**TASK OBJECTIVE**
This exercise calls for every line of the data below with the string "Taxal" in it.

Excerpts from a dataset:

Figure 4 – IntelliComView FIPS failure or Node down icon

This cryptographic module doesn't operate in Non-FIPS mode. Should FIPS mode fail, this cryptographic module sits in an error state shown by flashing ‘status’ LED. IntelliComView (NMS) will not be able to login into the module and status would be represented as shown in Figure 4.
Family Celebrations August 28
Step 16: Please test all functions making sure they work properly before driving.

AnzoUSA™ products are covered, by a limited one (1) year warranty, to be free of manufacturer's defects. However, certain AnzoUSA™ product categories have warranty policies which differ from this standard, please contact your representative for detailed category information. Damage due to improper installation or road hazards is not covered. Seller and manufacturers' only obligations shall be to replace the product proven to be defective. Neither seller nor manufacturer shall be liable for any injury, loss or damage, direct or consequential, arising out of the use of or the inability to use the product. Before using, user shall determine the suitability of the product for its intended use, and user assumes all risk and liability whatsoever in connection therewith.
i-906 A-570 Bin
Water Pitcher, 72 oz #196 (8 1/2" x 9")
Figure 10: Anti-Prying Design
* * *
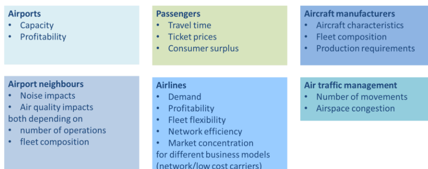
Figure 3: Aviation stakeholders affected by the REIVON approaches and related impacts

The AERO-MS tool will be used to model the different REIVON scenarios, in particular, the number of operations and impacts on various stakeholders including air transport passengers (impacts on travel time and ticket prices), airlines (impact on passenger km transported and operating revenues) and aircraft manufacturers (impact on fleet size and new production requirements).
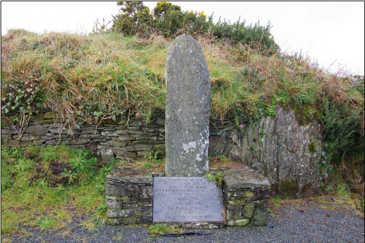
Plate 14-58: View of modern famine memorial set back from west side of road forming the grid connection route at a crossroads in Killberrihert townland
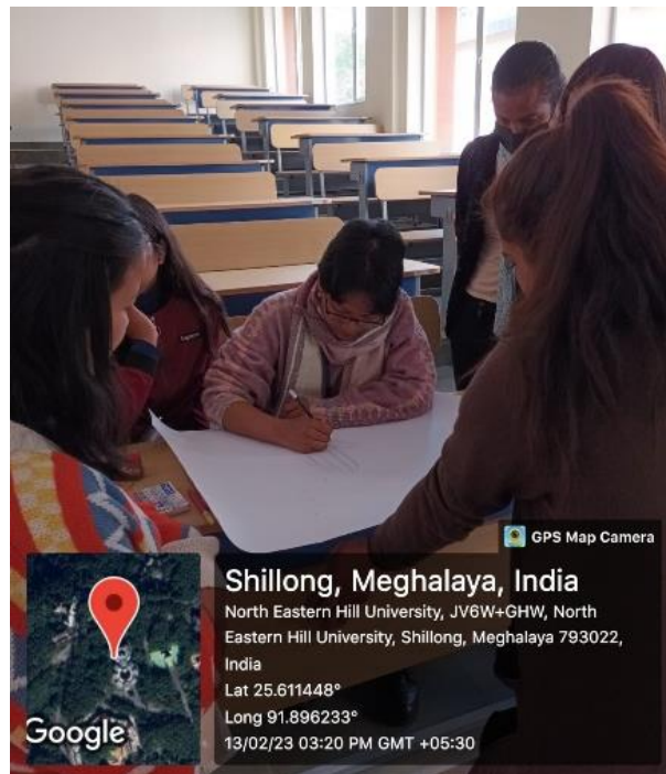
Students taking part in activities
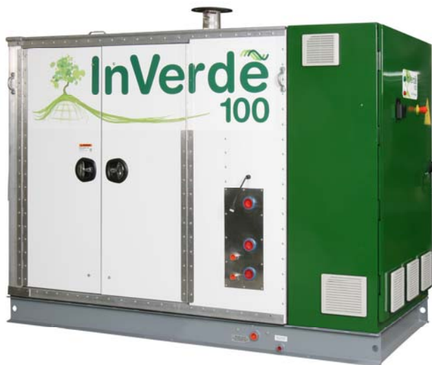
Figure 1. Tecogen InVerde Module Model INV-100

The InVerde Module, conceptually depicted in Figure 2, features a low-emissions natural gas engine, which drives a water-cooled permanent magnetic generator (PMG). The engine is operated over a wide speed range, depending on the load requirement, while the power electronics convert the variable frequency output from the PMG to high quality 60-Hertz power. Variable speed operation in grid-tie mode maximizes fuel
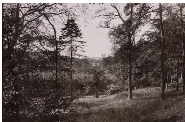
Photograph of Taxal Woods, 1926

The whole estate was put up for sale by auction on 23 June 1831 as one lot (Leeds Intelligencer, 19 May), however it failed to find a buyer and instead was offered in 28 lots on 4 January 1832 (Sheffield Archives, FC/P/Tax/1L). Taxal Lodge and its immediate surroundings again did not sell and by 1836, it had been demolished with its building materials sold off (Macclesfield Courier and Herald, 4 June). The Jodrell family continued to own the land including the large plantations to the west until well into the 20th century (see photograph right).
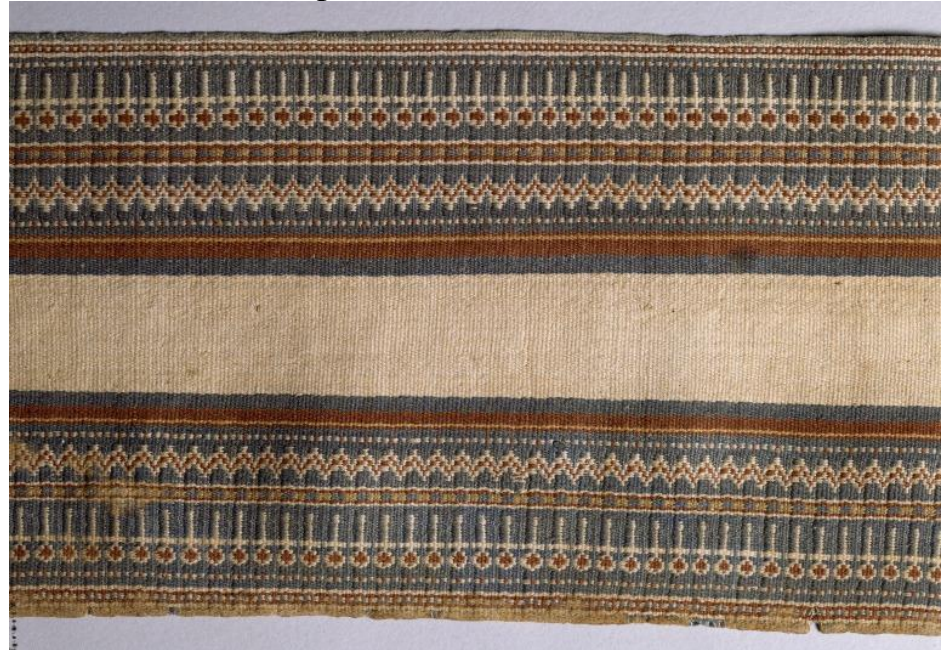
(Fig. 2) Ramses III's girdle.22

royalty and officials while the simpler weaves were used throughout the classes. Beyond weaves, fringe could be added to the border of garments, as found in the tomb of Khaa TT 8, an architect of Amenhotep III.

**OUTPUT FOR THIS EXERCISE**
Photograph of Taxal Woods, 1926
The whole estate was put up for sale by auction on 23 June 1831 as one lot (Leeds Intelligencer, 19 May), however it failed to find a buyer and instead was offered in 28 lots on 4 January 1832 (Sheffield Archives, FC/P/Tax/1L). Taxal Lodge and its immediate surroundings again did not sell and by 1836, it had been demolished with its building materials sold off (Macclesfield Courier and Herald, 4 June). The Jodrell family continued to own the land including the large plantations to the west until well into the 20th century (see photograph right).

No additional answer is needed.